Then use this value as is (e.g., `"https://192.168.77.100:6443"`) for
`kubeAPIServerOverride`.

And that's it! All you have to do now is make sure that the `antrea-agent` Pods
came up correctly and perhaps validate that NodePort Services can be accessed
correctly.

#### Windows Nodes

Assuming you are following the steps we [documented](windows.md) to add Windows
Nodes to your K8s cluster with Antrea, you will simply need to skip running
kube-proxy:

* Do not install or start the `kube-proxy` service [when using containderd as
the container runtime](windows.md#installation-as-a-service-containerd-based-runtimes)
* Do not create the `kube-proxy-windows` DaemonSet [when using Docker as the
container runtime](windows.md#installation-via-wins-docker-based-runtimes)

## Special use cases

### When you are using NodeLocal DNSCache

[NodeLocal DNSCache](https://kubernetes.io/docs/tasks/administer-cluster/nodelocaldns/)
improves performance of DNS queries in a K8s cluster by running a DNS cache on
each Node.
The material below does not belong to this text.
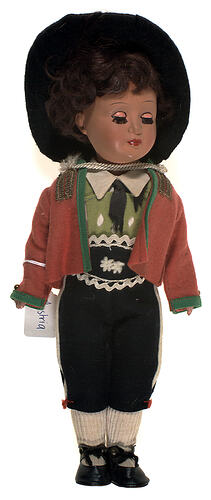 National doll produced to represent an Austrian man. It is one of 17 sent to Monica Gates by her Austrian Grandparents. Monica began receiving these dolls in 1957, they represent various traditions and dress from eight of Austria's states. The costume of this doll is typical of men's traditional dress across Austria which generally consists of lederhosen (leather short with an ornamental belt and suspenders), a hat and short jacket without lapels. Different regions can be identified through the use of colour, embroidery or style of headwear.
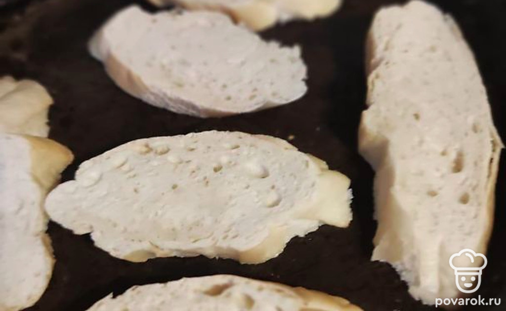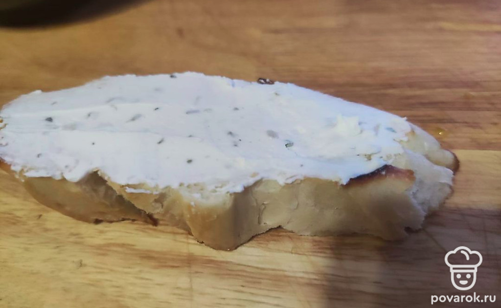 Натрите хлеб чесноком с двух сторон. Намажьте сверху творожным сыром.

DNS queries are intercepted by a local instance of CoreDNS, which
forwards the requests to CoreDNS (cluster local queries) or the upstream DNS
server in case of a cache miss.

The way it works (normally) is by assigning the the kube-dns ClusterIP to a
local "dummy" interface, and installing iptables rules to disable connection
tracking for the queries and bypass kube-proxy. The local CoreDNS instance is
configured to bind to that address and can therefore intercept queries. In case
of a cache miss, queries can be sent to the cluster CoreDNS Pods thanks to a
"shadow" Service which will expose CoreDNS Pods via a new ClusterIP.

When AntreaProxy is enabled (default), Pod DNS queries to the kube-dns ClusterIP
will be load-balanced directly by AntreaProxy to a CoreDNS Pod endpoint. This
means that NodeLocal DNSCache is completely bypassed, which is probably not
acceptable for users who want to leverage this feature to improve DNS
performance in their clusters. While these users can update the Pod
configuration to use the local IP assigned by NodeLocal DNSCache to the "dummy"
interface, this is not always ideal in the context of CaaS, as it can require
everyone running Pods in the cluster to be aware of the situation.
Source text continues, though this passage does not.